# Picturestock.com



## 618photo (Dec 2, 2012)

Has anyone ever used picture stock.com for a press pass? I'm looking to getting into more sports photography and need access to events. Any input is greatly appreciated. Thank you in advance.


----------



## KmH (Dec 2, 2012)

How would picturestock.com be considered 'press'?


----------



## 618photo (Dec 2, 2012)

Have you read their website? They provide press passes so you can get access to events.


----------



## tcostapics (Dec 3, 2012)

Hello, I have had a Picture Stock Press Pass for 7 years now and I have used it to get into sports games, concerts, shows and mostly to shoot news. Once you order a Press Pass from them they will give you a link where you can upload all your pictures for free. They will then distribute them to magazines and newspapers worldwide. Every time your pictures are sold, they will pay you 50% of the money. I have had several pictures sold in the past and they always pay. I always renew it when it expires. It's good for 3 years and they only charge $50 and they give you free shipping. I had them send a letter on company letterhead to get into the U2 concert and it worked. I got in and this is where I sold one of my pictures. You can e-mail them any time and someone always replies back to you or you can call them to. They have been around since 1997.


----------



## 618photo (Dec 4, 2012)

Sounds good. Thanks for the info.


----------



## orljustin (Dec 4, 2012)

I'll send you a press pass for $40.  You can pin it to your hat like in the old days.  It's good forever!


----------



## 618photo (Dec 4, 2012)

orljustin said:
			
		

> I'll send you a press pass for $40.  You can pin it to your hat like in the old days.  It's good forever!
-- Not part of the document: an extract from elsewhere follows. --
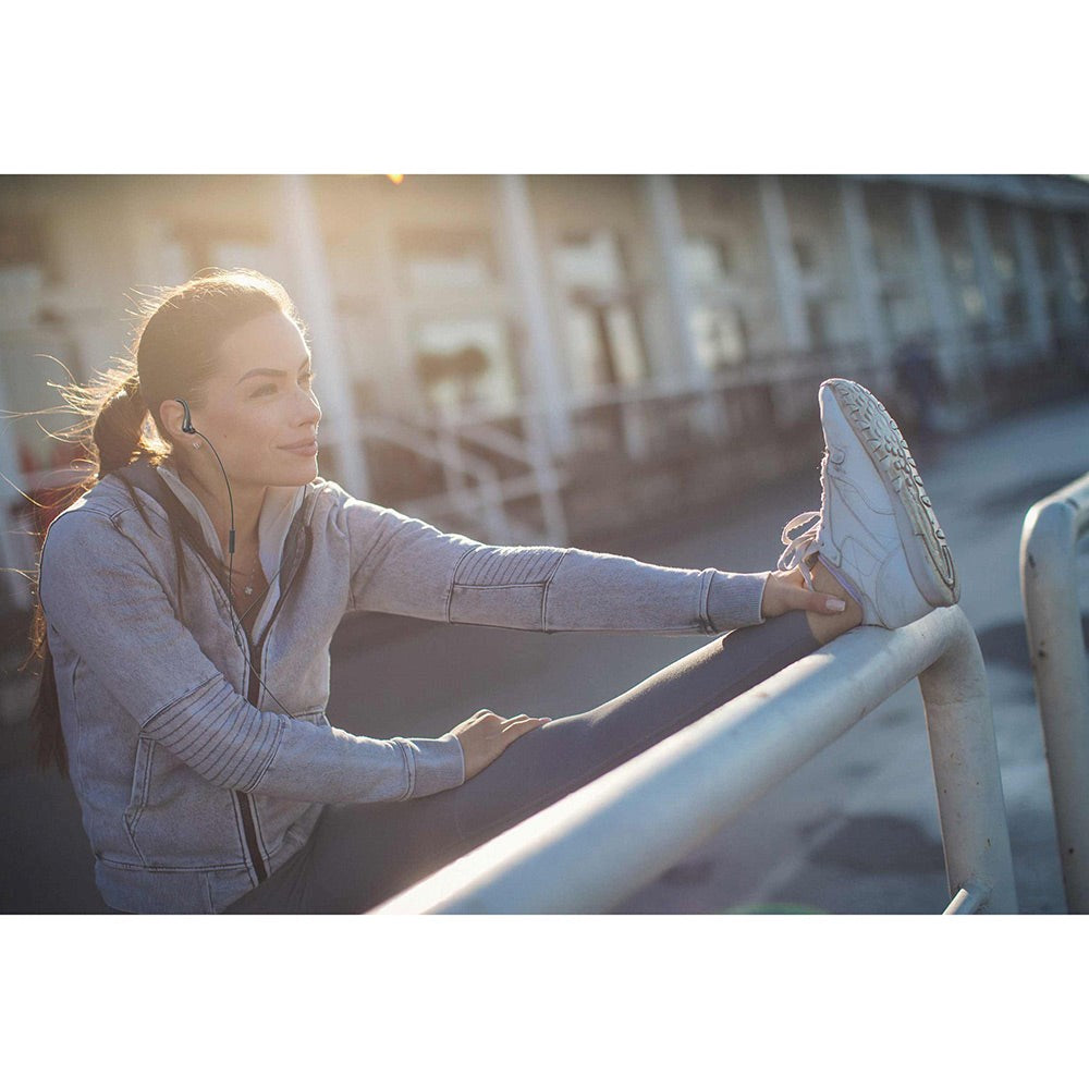 Høretelefonerne er in-ear, men er lavet med en ørekrog, som gør at de vil sidde godt og sikkert fast i og rundt om dit øre. Det gør at du kan træne og løbe uden bekymringer om dit ehadset.

Or you can send me $40 for actually reading your stupid comment.


----------



## orljustin (Dec 4, 2012)

Point being, you could probably make your own pass for free.

I mean, this is funny:
photography frequently asked questions - PictureStock.com


----------



## pixmedic (Dec 4, 2012)

man, thats a great racket they got going. they get you for fees for just about everything.  $50 for the press pass, extra $15 for a letter. Wish I had thought of that.


----------



## John27 (Dec 4, 2012)

Why not check your local newspaper?

I did yearbook and the school paper back in high school my freshman year (Yeah, yeah...).  Local newspaper gave me a press pass, which I used to cover events at other schools, and once when the band played at a major league baseball stadium (Though I was expressly forbidden from taking pictures of the players, the game, or anything that didn't include the band!
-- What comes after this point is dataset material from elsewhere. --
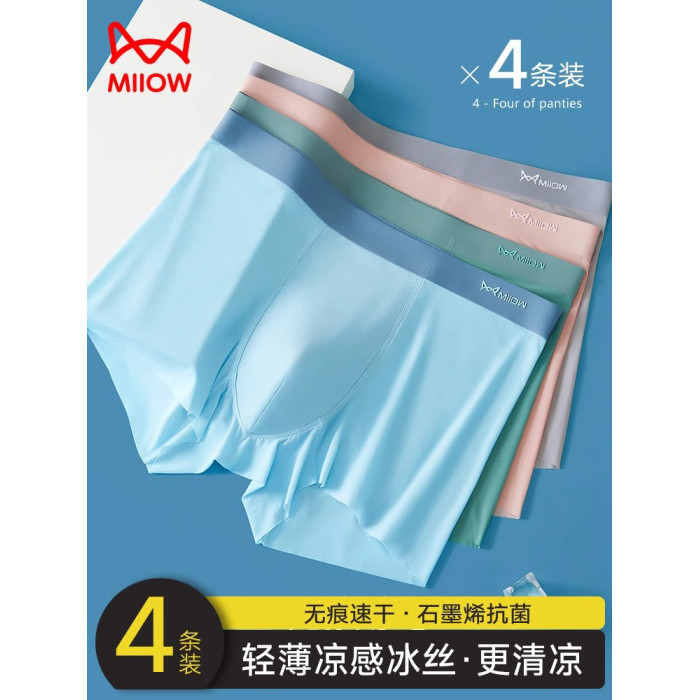 貓人冰絲內褲男士薄款無痕夏季運動透氣涼感大碼短褲男生四角褲衩

You can also buy a press pass from the United States Press Agency, and I believe you can apply for one with the associated press as well.  If you're gonna spend money on a press pass as a freelancer, why not get it from a more reputable agency?


----------



## amolitor (Dec 4, 2012)

I haven't looked, but it sure looks like they're in a "charging you fees" racket. What do you bet tcostapics is a shill?


----------



## orljustin (Dec 4, 2012)

Yeah, first post.


----------



## Dliwevad (Dec 4, 2012)

Google "picturestock scam" and tons of info will come up. I looked into this a couple years back and it wasn't pretty.


----------



## John27 (Dec 4, 2012)

Very likely!

its probably good enough to fool a small time event or something, but that's about it.  

Just out of curiosity I googled "photographer press passes" and found all kinds of info on how to get it for cheap or free from various media organizations, or even your local PD.  it also sounds like (no surprise) you won't get into a major sports event or concert without being a member of a major, bonafide organization working on an actual story and getting clearance months in advance. 


Just curious, why do you want a press pass?  I'm just curious is all.


----------



## shinycard255 (Dec 6, 2012)

Shutterstock will do the same thing for you.  They make you do all the legwork of getting in touch with everyone, and they just supply the media pass for you.  You then can ONLY submit those images to them for a 2 year period.  

I think it makes more sense to just do what John27 mentioned, get in touch with the Unites States Press Agency or the Associated Press and get a press pass from them


----------